– LISTEN UP –
Her latest business venture is in the increasingly popular world of podcasts. The first season of Somebody Somewhere examined Assistant U.S. Attorney Tom Wales’ unsolved murder, which happened at his Seattle home late one night in 2001. In the 10-episode series, which debuted last January, Payne and Gottlieb attempt to heat up the cold case by re-examining the web of evidence gathered by the FBI and following new leads. The rich entertainment value comes not so much from solving the mystery as it does from Payne and Gottlieb’s tell-as-you-go formula of attempting to solve it. Still, their reporting ruffled enough feathers that the Department of Justice felt it necessary to send out Deputy Attorney General Rod Rosenstein to hold a press conference in Seattle this year – in the middle of overseeing the Mueller investigation – to defend its investigation of the killing of one of its own.
“I couldn’t have picked a better person to team up with to do the type of reporting we’re doing, because she’ll go anywhere, anytime, climb fences, ask questions without fear,” says Payne, a former assistant U.S. attorney himself who provides the musing narration on the podcast. “It’s been a great collaboration.”
When the pair went looking for the mentor of one of the prime suspects, all they knew was that the small town he lived in was about two hours away, so Gottlieb suggested paying a visit to the post office once they arrived.
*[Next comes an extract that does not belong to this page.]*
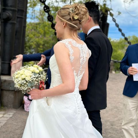 Koko 36, säätövaraa nyörityksen vuoksi selässä. Olkaimet off shoulder, mutta nousee myös olkapäille. Mukaan pukupussi.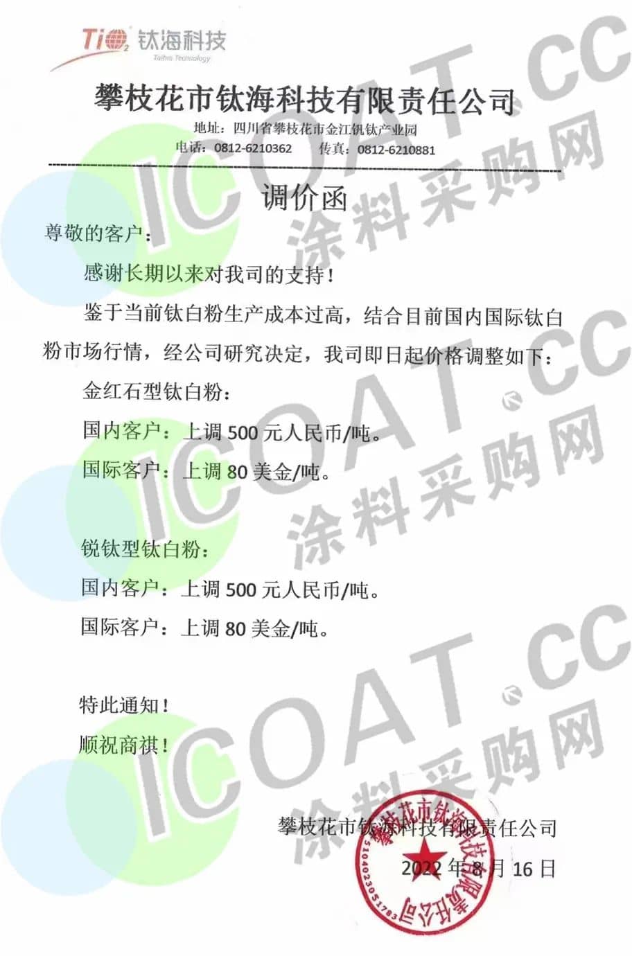 近日,攀枝花市鈦海科技發(fā)布調(diào)價函,稱鑒于當前鈦白粉生產(chǎn)成本過高,結(jié)合目前國內(nèi)國際鈦白粉市場行情,經(jīng)研究決定,即日起價格調(diào)整如下,金紅石型鈦白粉、銳鈦型鈦白粉國內(nèi)客戶上調(diào)500元/噸,國際客戶上調(diào)80美元/噸。

She was chatting up one of the clerks about their search when another clerk popped his head out from around back and said, “I know where he lives.” They were soon driving down a dirt road to locate a cabin with a locked gate and “No Trespassing” signs in the middle of nowhere.
“There were no barriers to getting to that witness for her,” says Payne with a chuckle of disbelief. “I was a little more cautious, but she just barrels right in. We came to find later that he had two dozen firearms in his 500-foot cabin, so I’m not sure it was the most prudent thing.”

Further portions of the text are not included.